6-4(3-1)^2+16
To solve the expression, you need to follow the order of operations, which is parentheses, exponents, multiplication/division (from left to right), and addition/subtraction (from left to right).
First, we start with the parentheses: (3-1) = 2.
Next, we calculate the exponent: 2^2 = 4.
Now we substitute the exponent into the expression: 6-4(4) + 16.
Next, we perform the multiplication: 4 multiplied by 4 = 16.
Now we substitute the product into the expression: 6-16 + 16.
Finally, we perform the addition and subtraction from left to right: 6 - 16 + 16 = -4.
Therefore, 6-4(3-1)^2+16 equals -4.
To simplify the expression 6-4(3-1)^2+16, follow this step-by-step process:
Step 1: Simplify the exponent. Start by evaluating the expression inside the parentheses (3-1):
3-1 = 2
Step 2: Square the result from step 1:
2^2 = 4
Step 3: Multiply the squared result from step 2 by 4:
4 * 4 = 16
Step 4: Multiply 4 by the expression in parentheses:
4 * (3-1) = 4 * 2 = 8
Step 5: Subtract the result from step 4 from 6:
6 - 8 = -2
Step 6: Add the result from step 5 to 16:
-2 + 16 = 14
Therefore, the simplified expression 6-4(3-1)^2+16 equals 14.

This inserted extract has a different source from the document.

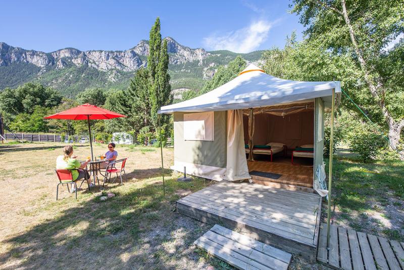 Découvrez nos Bengalis, tentes équipées (sans sanitaire) ! D'une superficie de 16m² avec deux chambres et une cuisine venez profiter de ces logements atypiques au coeur de notre camping 3 étoiles dans les Hautes Alpes. La partie extérieure est équipé d'un auvent avec table et chaises à disposition.

To simplify this expression, we need to follow the order of operations, also known as PEMDAS (Parentheses, Exponents, Multiplication and Division, Addition and Subtraction) rule.
Step 1: Parentheses
In the expression, we have (3-1) raised to the power of 2. So, we need to solve the expression within the parentheses first.
3 - 1 = 2
Now, we have 2^2 + 16 left.
Step 2: Exponents
Next, we evaluate the exponent, which is 2^2.
2^2 = 4
Now, we have 4 + 16 left.
Step 3: Multiplication and Division
Next, we perform any multiplication and division operations from left to right.
There's no multiplication or division operation in the expression, so we move on to the next step.
Step 4: Addition and Subtraction
Finally, we perform any addition and subtraction operations from left to right.
4 + 16 = 20
Therefore, the simplified expression is 20.